Despite freely and widely available vaccines, and new treatment options such as monoclonal antibodies, the country has lost more lives to the virus this year than in 2020 due to the more contagious Delta variant and people refusing to get inoculated against COVID-19.

Of the 10 states that reported the most deaths per capita in the last 11 months, eight were from the country's south – Alabama, Georgia, Florida, Kentucky, Oklahoma, Mississippi, South Carolina and West Virginia, according to a Reuters analysis.

Lawmakers arrive to participate in a moment of silence for the 800,000 American lives lost to COVID-19 in Washington, D.C., U.S., December 14, 2021. /CFP

Lawmakers arrive to participate in a moment of silence for the 800,000 American lives lost to COVID-19 in Washington, D.C., U.S., December 14, 2021. /CFP

The elderly people, who are the most vaccinated group in the U.S., reportedly see bigger ratio of deaths in comparison with other age groups. One in 100 Americans, who are older than 65, has died from the virus, the New York Times reported on Monday, adding that for people younger than 65, that ratio is close to 1 in 1,400.

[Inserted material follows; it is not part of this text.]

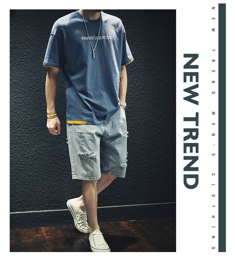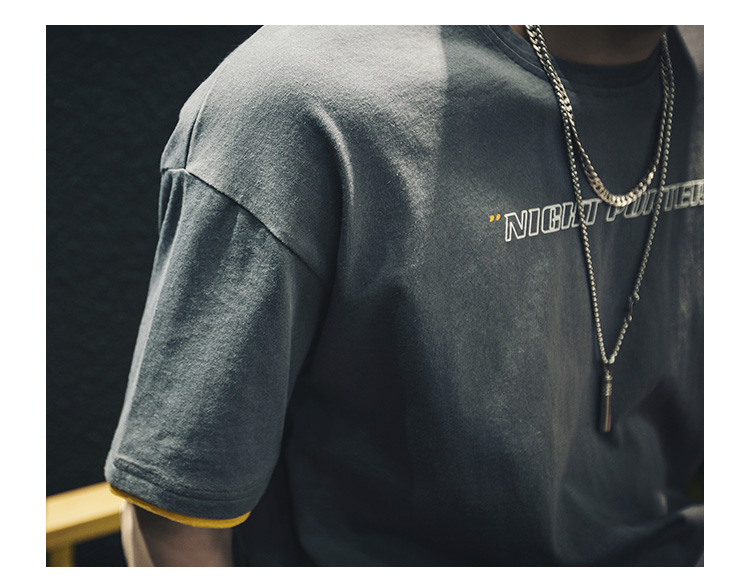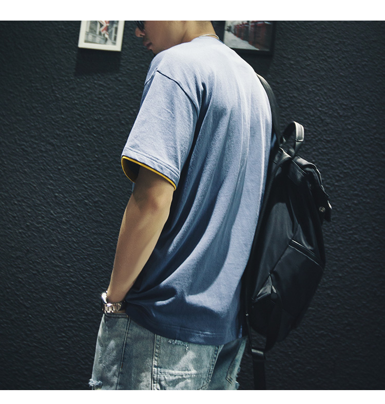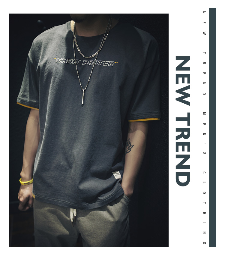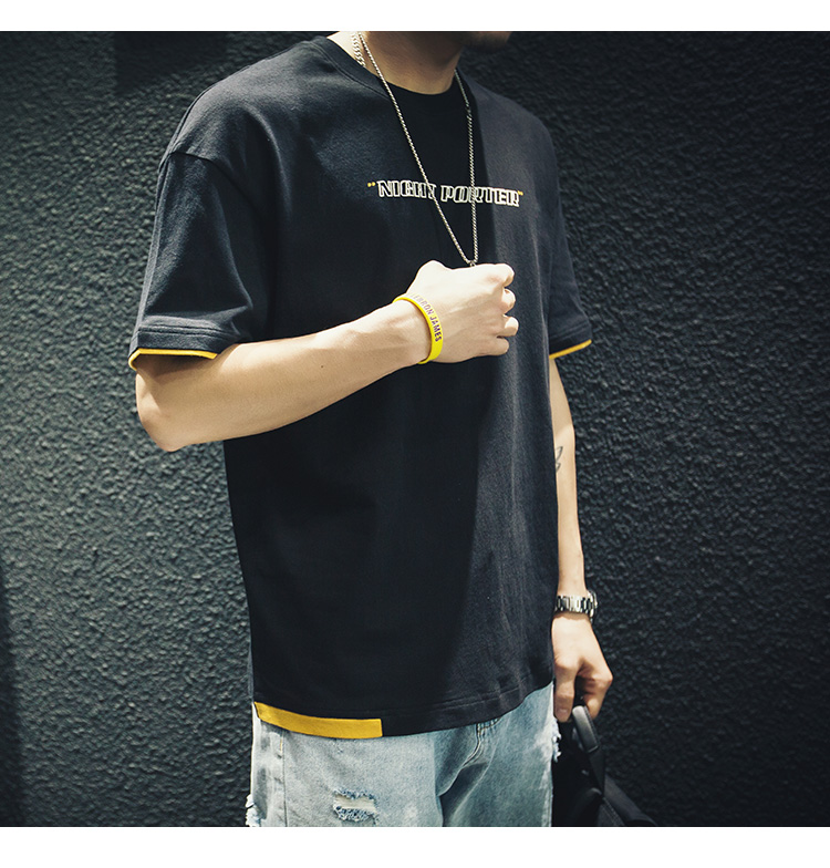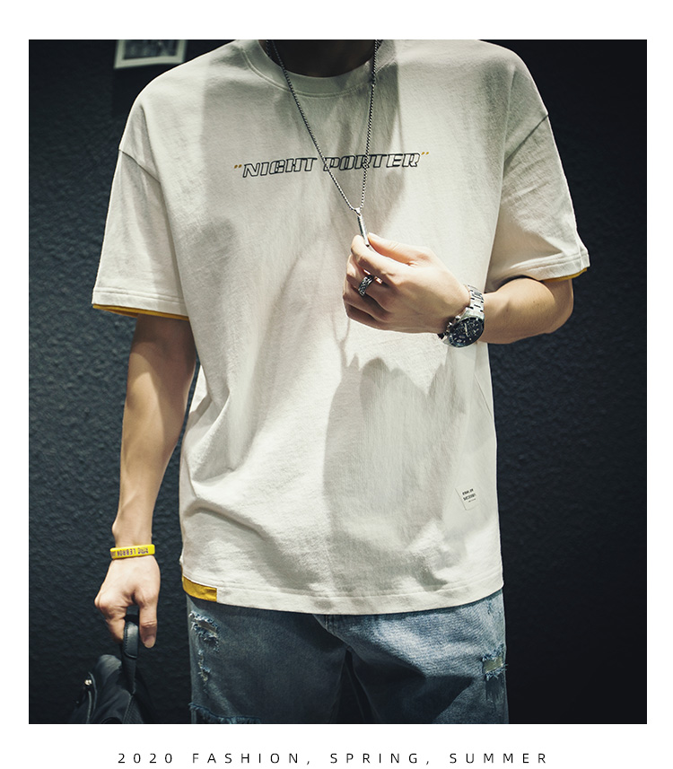 夏季纯棉短袖t恤男宽松潮牌假两件ins半袖大码胖子加肥加大体恤潮

Moreover, the distribution of COVID-19 deaths differs by race and ethnicity in the United States. The U.S. Centers for Disease Control and Prevention (CDC), adjusting for population age differences, estimated that Native Americans, Latinos and Blacks are two to three times more likely than white people to die of COVID-19, the AP reported. 

One year after the U.S. began its nationwide vaccine rollout, roughly 60 percent of the U.S. population has been fully vaccinated against COVID-19, according to data from the U.S. CDC.  

The nationwide vaccination drive is not an easy job. U.S. President Joe Biden on September 10 ordered all federal workers and contractors to be vaccinated. A mandate that private-sector workers be vaccinated or tested weekly will be enforced from January 4 next year. 

Biden's executive order requiring new contractors to have employees fully vaccinated by January 18, 2022 was blacked by a federal judge on December 7. 

Vaccine mandates are deeply controversial in the United States. Supporters say they are a must to put an end to the nearly two-year coronavirus pandemic, while opponents argue they violate the U.S. Constitution and curb individual liberty.

"We must act together in this moment to address the impact of the current cases we are seeing, which are largely Delta, and to prepare ourselves for the possibility of more Omicron," CDC Director Dr. Rochelle Walensky said at a White House briefing on Tuesday.